We looked at the Taoist master as if asking for an opinion. He returned our gaze as if telling us to continue. No one knew what else to say. A very shy young woman from Madrid reminded us that the last sentence had not been addressed. A cut without incision is needed. The symphony of heaven. The students looked at each other and nobody dared to say anything. The young woman limited herself to saying that it was difficult to understand the image of a cut without incision. How can one cut without separating? she questioned. Li Tzu took a sip of tea and explained, “With love.”

“Love is the bond that binds everything and everyone. You can leave, no matter when or where to; love will hold us together in memories and longing until the time of reunion. Time and space are fictitious dimensions incapable of separating those who love each other. I am me, you are you; each person with their own personality and individuation, with our own journey and trajectory, with their own looks and choices, with their own pains and delights, together and apart, sweet and sour, expansion and contraction, smiles and tears. When I get disoriented in the world, love shows me the direction; when I get lost from myself, I find myself in love.”

“Without love all is but illusion. There is no good, none of the virtues are sustained. All knowledge proves useless. The absence of love is the antithesis of universal laws because it teaches nothing, because no transformation can be brought about, because it denies evolution. Without love the other plenitudes fall apart in thin air”.

“Love helps without dominating; it teaches without enslaving; it nourishes without causing dependence. Love forges the foundations of life, strengthens the spirit and develops its wings. No flight to the stars is possible without love.”

“In the beginning, there is love; at the end, only love. Without love there is no path and no destination.”

“Love soothes and excites me. Love enlightens and protects me.” He arched his eyebrows to add, “Love protects me from myself.”

“Love allows me to be the walker, the road and a safe place; at the same time. I live by the love I feel; through my love I allow others to live in me as well. Thus, I can be the whole world by welcoming the whole world into my heart. I will lack nothing.”

“Love is communion. A common-union.”

“The love I have is only the love I feel; the love I feel is only the love I offer. The love I give you allows you to be with me. In the same diapason, the love I receive from you, though it is yours, enables me to be with you. In this way we are bigger and stronger. We find new meaning; each being is unique, but you can let everyone walk through you on the road of love.”

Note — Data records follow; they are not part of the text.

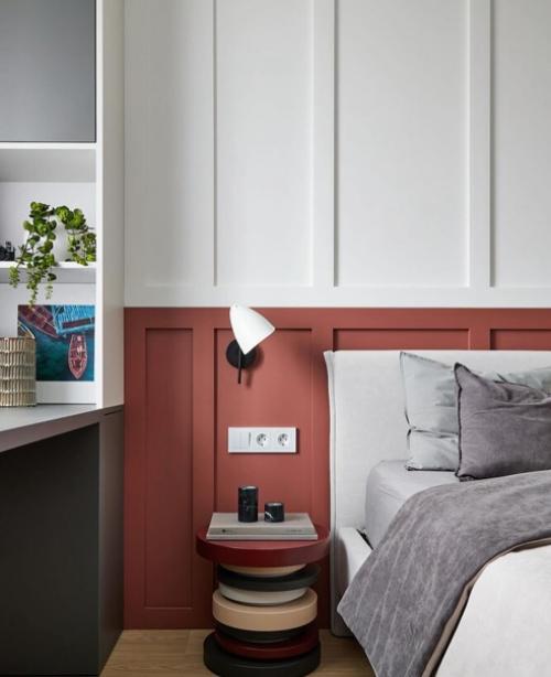 "Поскольку здесь не нужно было согласовывать свои идеи ни с кем, кроме себя самой, удалось реализовать много того, что клиенты считали слишком смелым - яркая оформление стен, панели из массива, часть стен в ванной без плитки.
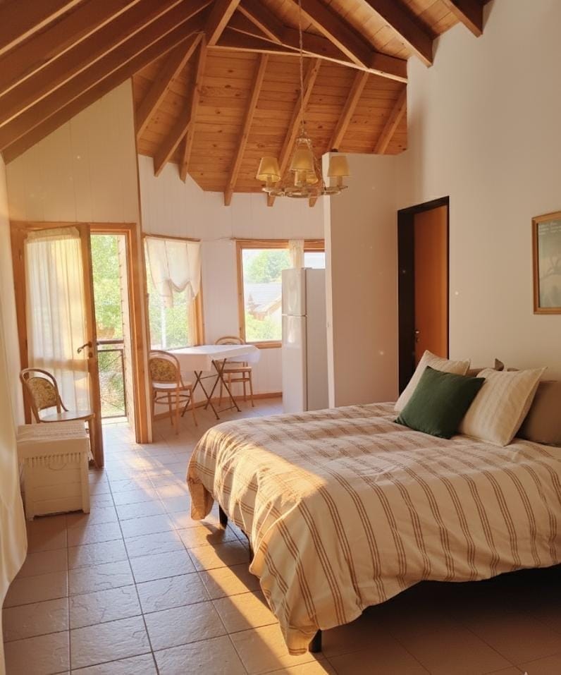 Moderno Monoambiente en el centro de San Martin de los Andes. Totalmente equipado con equipamiento de cocina, toallas, ropa de cama y todo lo necesario para disfrutar de tu estadia. El dpto esta ubicado a 2 cuadras del sector comercial por lo que permite tener total tranquilidad pero estar facil y rápidamente en el sector de restaurantes, negocios y supermercados. Eventualmente, en el dpto. puede ubicarse una tercera cama en un sector superior para un niño/a, que se evalua en cada caso.
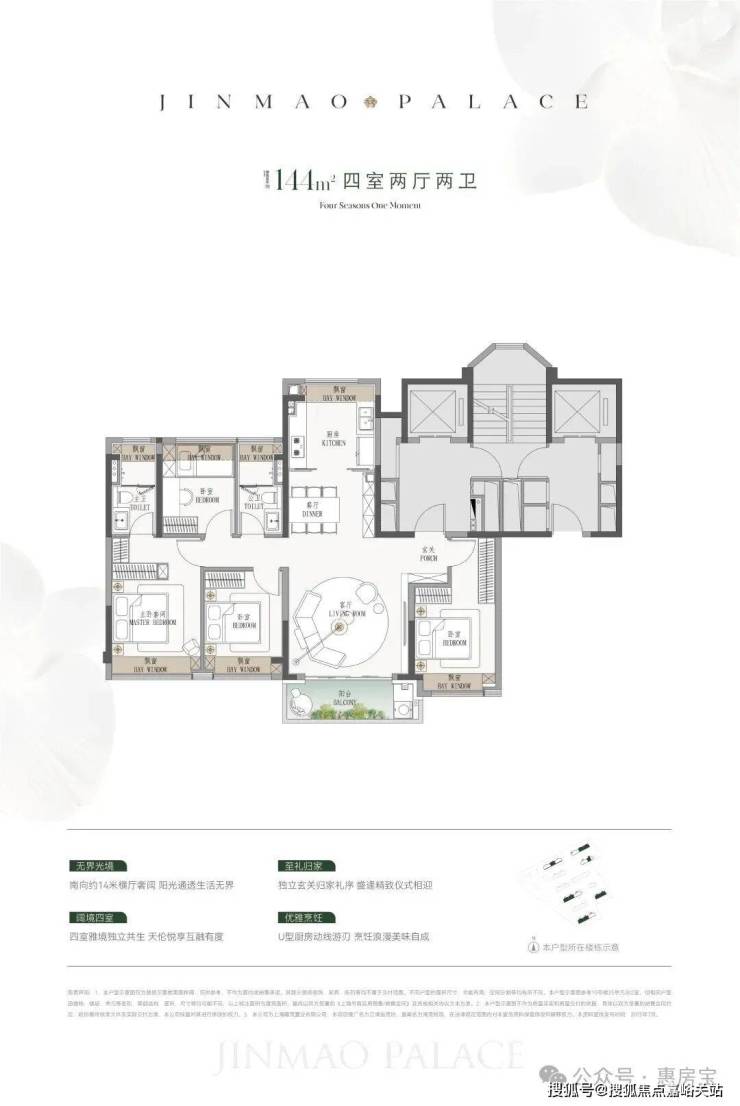 全屋五飘窗,且像主卧,飘窗满面宽,实用性很强,总面积超过7㎡,堪比常规三房户型的次卧了!建面约144㎡4房:类一梯一户设计,电梯厅私密入户;江湾金茂府售楼处电话:400-8894-986🍵🍵🍵
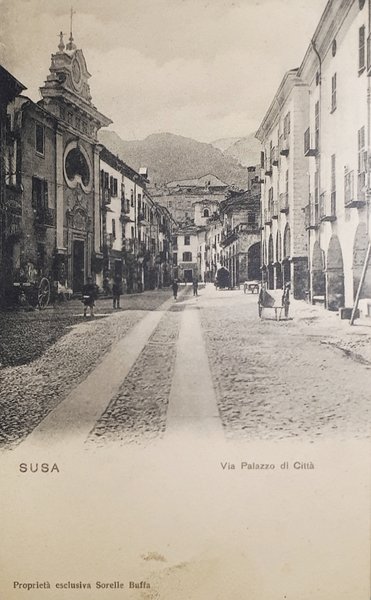 Cartolina - Susa - Via Palazzo di Città - 1900 ca. | Cartoline |
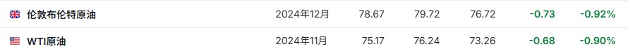 3.截至发稿,WTI原油跌0.90%,报75.17美元/桶。布伦特原油跌0.92%,报78.67美元/桶。
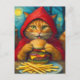AI generated art of a ginger cat in a red rain jacket eating a huge cheeseburger and a plate of fries

“Like musicians in the same orchestra, together and apart, each with their own instrument, with the same score, in harmonious stellar symphony. The symphony of heaven.”

Absolute silence. I could see tears bathing smiles; it was pure enchantment. No words could translate the feeling that enveloped everyone. The whole world seemed to fit in that kitchen. Love grants this power in relation to life; it reveals the universe in me. One by one, the students said goodbye to the Taoist master. Alone, Li Tzu, without saying anything, made a sign for me to leave as well. I had to move on to begin a new cycle of learning, transmutation and sharing. Contraction and expansion; Yin and Yang. This was the Tao; the Tao explains life. Life is love. Love, so intimate and so unknown.